Julio Segundo

Personal information
- Full name: Julio Manuel Segundo Ríos
- Date of birth: 26 September 1993 (age 32)
- Place of birth: La Chorrera, Panama
- Height: 1.73 m (5 ft 8 in)
- Position: Midfielder

Team information
- Current team: San Francisco
- Number: 18

Youth career
- –2009: San Francisco

Senior career*
- Years: Team / Apps / (Gls)
- 2009–2011: San Francisco / 9 / (0)
- 2011–2012: Sport Boys / 0 / (0)
- 2012–2013: Skonto / 24 / (1)
- 2013–2015: Veria / 4 / (0)
- 2014: → Independiente (loan) / 14 / (0)
- 2014–2015: → San Francisco (loan) / 0 / (0)

International career^{‡}
- 2010–2013: Panama U17 / 10 / (3)
- 2013–: Panama U20 / 5 / (1)

= Julio Segundo =

Panamanian footballer (born 1993)

Julio Manuel Segundo Ríos (born 26 September 1993) is a Panamanian footballer, who plays for San Francisco in Liga Panameña de Fútbol as a midfielder.

==Club career==
He began his career in the quarry of San Francisco . With this club he made his professional debut in 2009 against Chorrillo . That same year he was elected by the Manchester City to train 10 days with the English club. In August 2010 he signed for Sport Boys in the First Division of Peru, but two days after the player had to return home as he did not meet the standards of FIFA for being a minor.

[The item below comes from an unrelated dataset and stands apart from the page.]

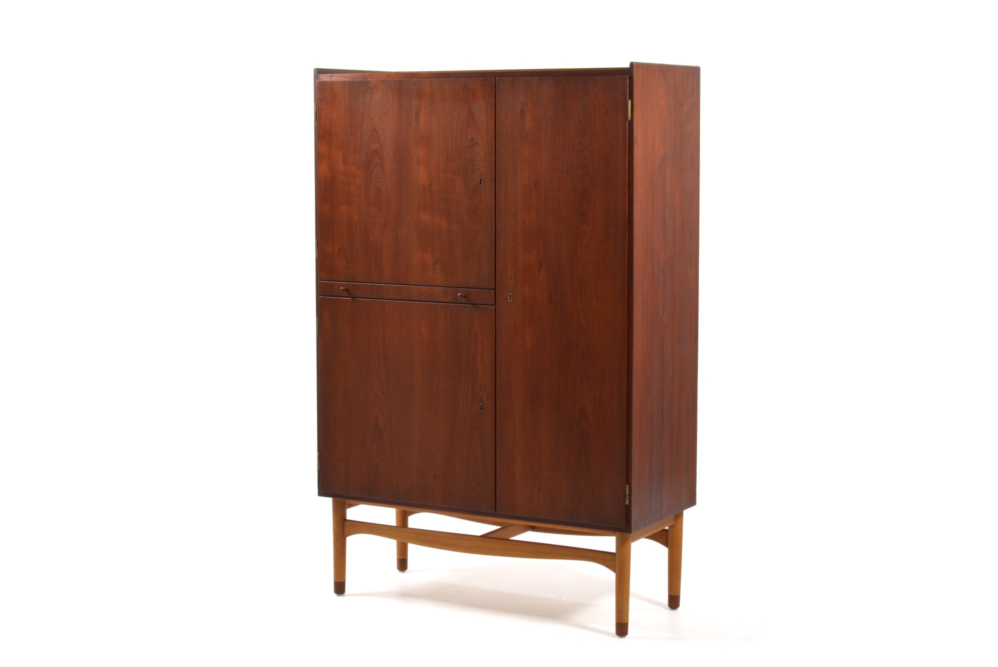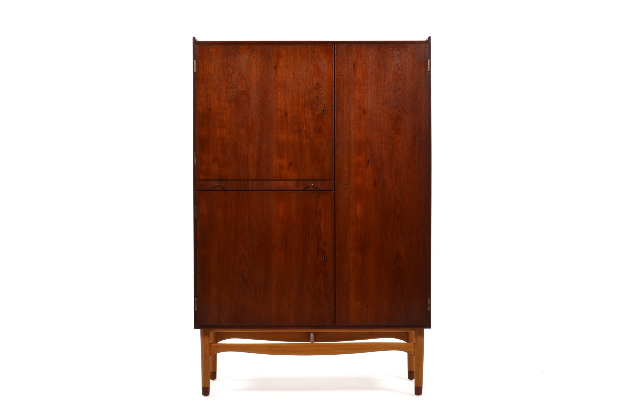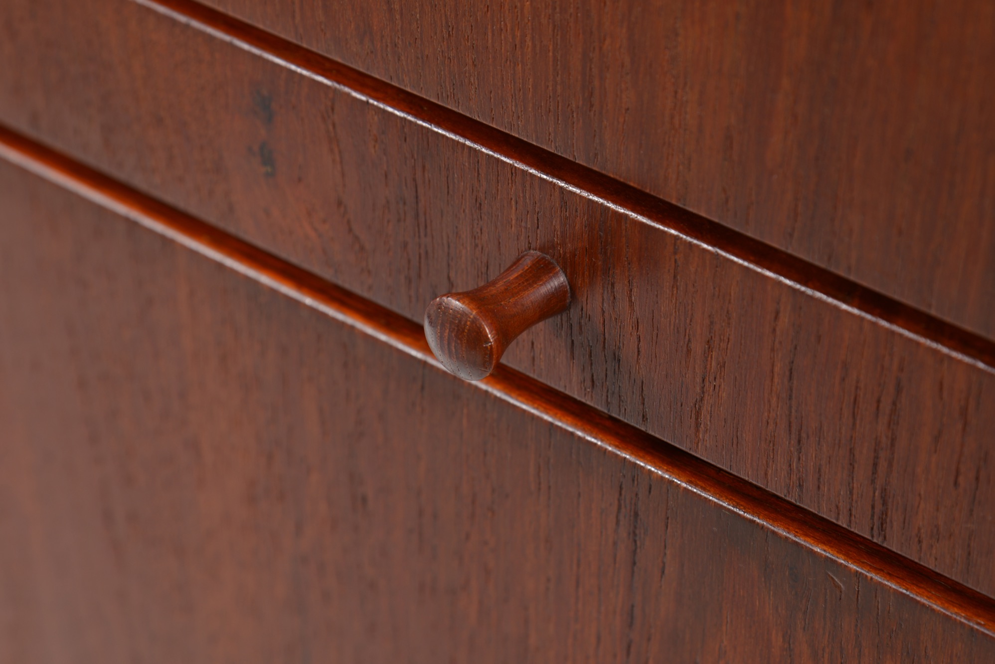 フィン・ユールによるカップボードキャビネットです。ボヴィルケ工房によるもので、フィン・ユール作品の中では古い時代のプロダクトです。チーク材の本体にビーチ材の脚部、チーク材のシューが備わるもので、時代の趣が反映されたデザインとなっています。扉内の抽斗は差す位置を変えることで、嵩のある小物も仕舞うことができ、デンマークではティーカップなど2客くらいを重ねて収納したりします。鍵が二本付属します。

In 2012, he signed for Skonto Riga in the Virsliga. On 25 March 2012 he debuted with Skonto. During his time in Skonto he achieved to perform in twenty four games, score one goal and also play during two UEFA Europa League matches against HNK Hajduk Split, where Skonto were eliminated as they were defeated by 1-2 on aggregate.

In July 2013, the Super League Greece side Veria signed Segundo on a free transfer for 3 years. In June 2014 he joined San Francisco on loan after another loan spell at Independiente.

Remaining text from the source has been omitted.